This idea for a post has been percolating for a while. I feel like now I am finally ready to share it.
Last semester, in the class 8.13 — Experimental Physics I, one of the experiments that I did was investigating the phenomena of Johnson noise and shot noise and using thes to find, respectively, the Boltzmann constant and electron charge. The other experiments that I did were investigating properties of hydrogen-like atoms through spectroscopy, and determining the speed and decay times of cosmic-ray muons. By far the best and worst experience was with Johnson noise. Follow the jump to read on.
I feel that the physics behind Johnson noise, compared to the other experiments, is truly spectacular. Part of me is biased because I have become rather interested in statistical mechanics (and more of that will come in future posts), but I think it is really profound how a microscopic quantity like the Boltzmann constant can be measured through purely macroscopic means. Nyquist's paper on the subject needs a few readings through to be fully understood, but it is amazing how the physics is presented there. He essentially uses basic circuit theory to argue for the form of Johnson noise. I would like to share what was written, though the paper is certainly well-worth reading.
Consider two resistors $R$ connected by parallel wires with no impedance of any kind.
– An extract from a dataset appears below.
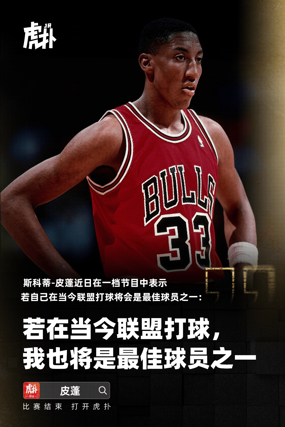 虎撲10月06日訊 斯科蒂-皮蓬近日在一檔節(jié)目中表示若自己在當今聯(lián)盟打球將會是最佳球員之一。
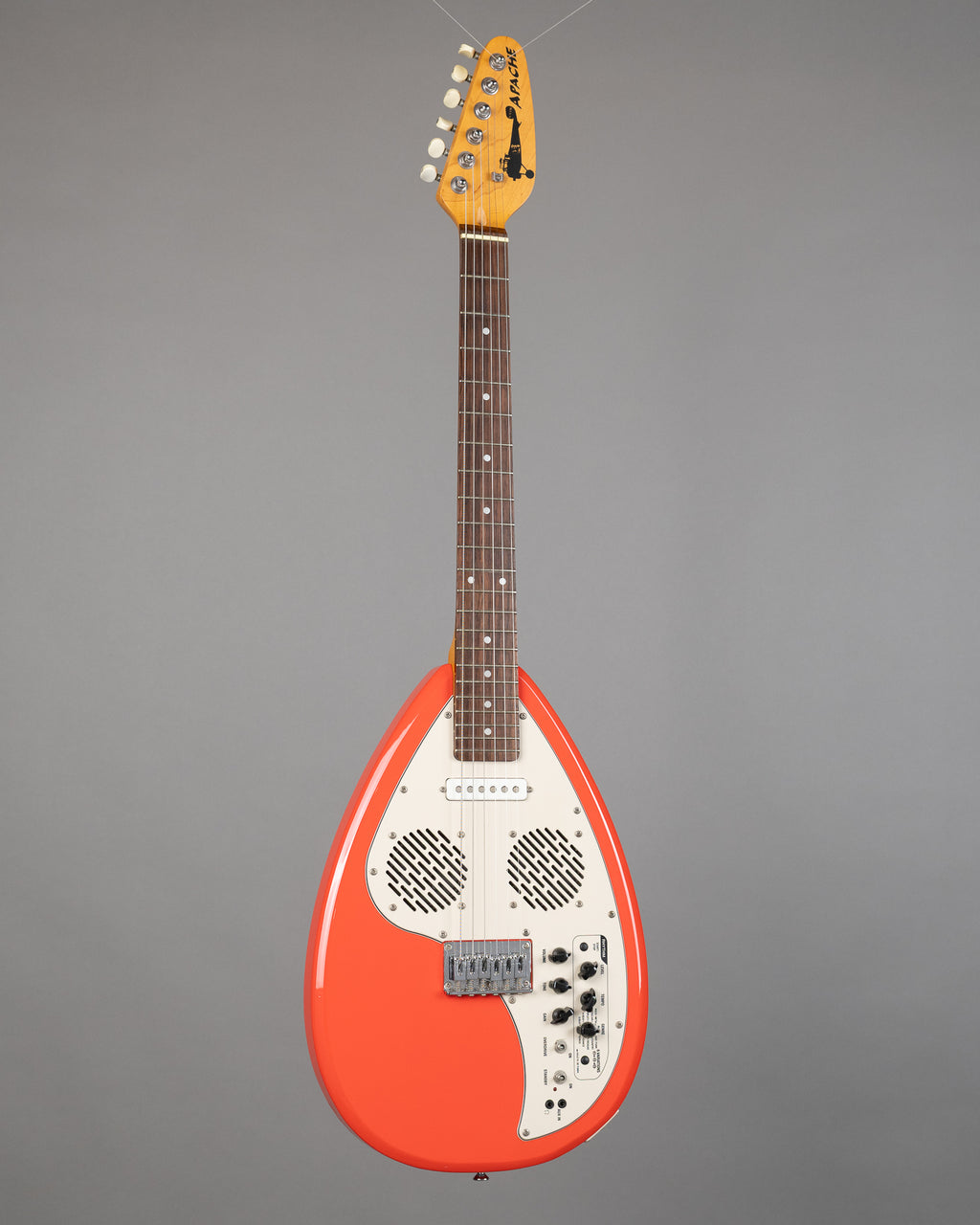 Reissue of the classic Vox Apache shape with onboard effects. Solidbody electric featuring the distinctive pentagonal body, bolt-on neck, and a compact, lightweight feel. Built in drum machine and distortion circuit - oh and a built in speaker! A lot of fun both plugged into an amp or using the in built speaker.

Electrons move in the wires thanks to thermal excitement at a temperature $T$. If the system is at thermal equilibrium, then the power $P = RI^2$ transferred from the first resistor to the second is the same as from the second resistor to the first, regardless of the details of the resistors (e.g. shape, chemical composition).
Now suppose that connecting the two wires are an inductor $L$ and capacitor $C$ in series, such that $R^2 C = L$. If indeed the circuit is resonant, then more power could be gotten by sending voltage from a resistor through the inductor-capacitor element, but this violates the laws of thermodynamics. Hence, the voltage from thermal excitations of electrons only depends on resistance and temperature.
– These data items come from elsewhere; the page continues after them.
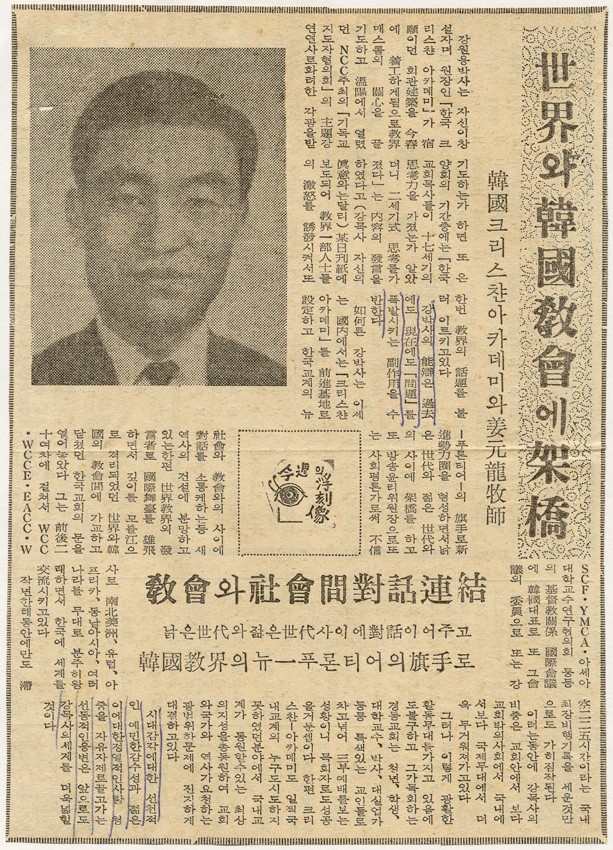 한국크리스챤아카데미와 강원용 목사: 세계와 한국교회에 가교 작성일 : 2011.06.29 조회수 : 18 공유하기 페이스북으로 공유하기 페이스북으로 공유하기 URL "시대 감각에 대한 선천적인 예민한 감수성과 젊은이에 대한 정열적인 사랑, 청중을 자유자재로 끌고 가는 선동적인 웅변은 앞으로도 강 목사의 세계를 더욱 넓힐 것이다.(스캔 사진 내용과 제목 다름 확인요)" 관련일시 1966.11.29 태그 신문기사 이전 한신대 신입생을 위한 내일&리더십 캠프 다음 1차 멘토 포럼 목록으로
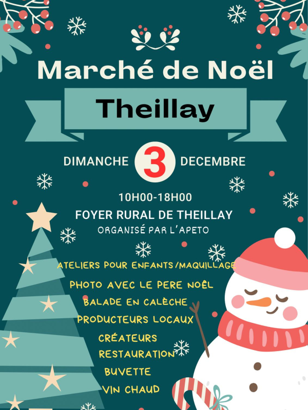 2ème édition de notre marché de noël organisée par l’APETO association des parents d’élèves de theillay, orçay. De nombreuses animations vous attendent: marché de noël en musique avec de nombreux artisans et producteurs locaux, photos avec le père noël, boîte aux lettres de noël, atelier pour enfants, maquillage, tour en calèche…
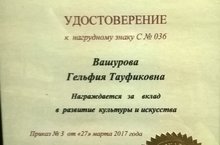Поздравляем Вашурову Гульфию Тауфиковну- руководителя театральной студии "Непоседы" с присуждением нагрудного знака "За вклад в развитие культуры и искусства"
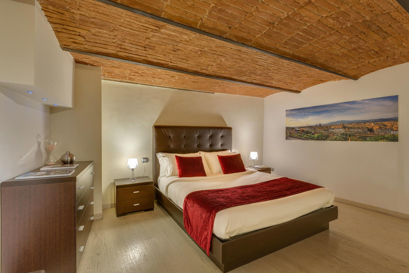 Il design in stile contemporaneo accentua la stupenda architettura tipicamente toscana, di cui si riconoscono alcuni inconfondibili dettagli, come la pietra a vista e l'uso del mattone.

Now consider the original situation, modified so that the parallel wires have inductance and capacitance per unit length such that the characteristic impedance of the transmission line is equal to the resistance at either end: $Z_0 = \sqrt{\frac{L}{C}} = R$. This implies that the transmission line is impedance-matched at either end, so any power sent from one resistor will be fully absorbed (i.e. no reflection) by the other resistor, and vice versa.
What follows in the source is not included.